そのうち感染拡大を避けるために年末に停止したままの「GO TOトラベル」や、コロナ対策とほとんど関係がなさそうな「公共事業費」(こちらは人手不足のせいだろう)は置いといて、「実質無利子・無担保融資制度」や「地方向け臨時交付金」はまさに新型コロナ対策の中核経済政策でもあり、絶対的に必要とされたものだったはずだ。なぜスムーズに執行されなかったのか。

端的に言えば、申請を行う側にとってはあまりに煩雑な手続きのためになかなか申請できないことと、申請を受ける役所側にとっては審査や振り込みなどの手続きに時間が掛かって支給が遅れることが問題としてクローズアップされてきた。

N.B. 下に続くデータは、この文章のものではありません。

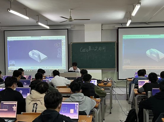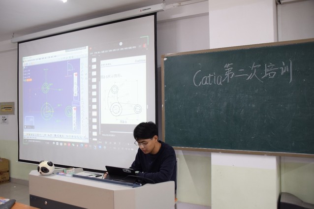 作为第二次的CATIA培训,大家对于建模的了解更加深入,电脑屏幕上的模型也逐渐复杂,各组队员们继续在一旁等待,关注大家进程,及时解答疑惑。
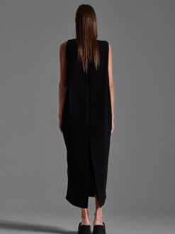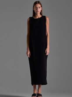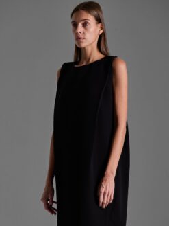 Handcrafted ankle-length dress in viscose with a straight silhouette and center back slit.

これらはあまりに不正防止に力点が置かれたため、(ただでさえ分かりにくい役所書類がさらに)煩雑な書式になりかつ多くの添付書類を要求したことと、役所側の人手不足およびデジタル化の欠如という「供給体制」に問題があったということの2面を指摘できるだろう。

前者は、GO TOイートや持続化給付金などで不正受給が問題化したので、中央官僚があれもこれもと要求したためと想像できる。しかし不正防止策として書類を煩雑にするのは「下の下」の策である。本人確認(または事業実態確認)の部分をしっかりとした上で、後で確実にトレースできることと罰則を重くすることで不正のインセンティブをなくすことが重要なのだ。

後者(「供給体制」の問題)については既に色々なところで指摘されているのでここでは割愛する。とはいえ、マイナンバーカードと銀行口座の紐づけは早めに進めておくに限ることは指摘しておきたい(これは前者の不正防止策にも間接的に有効だ)。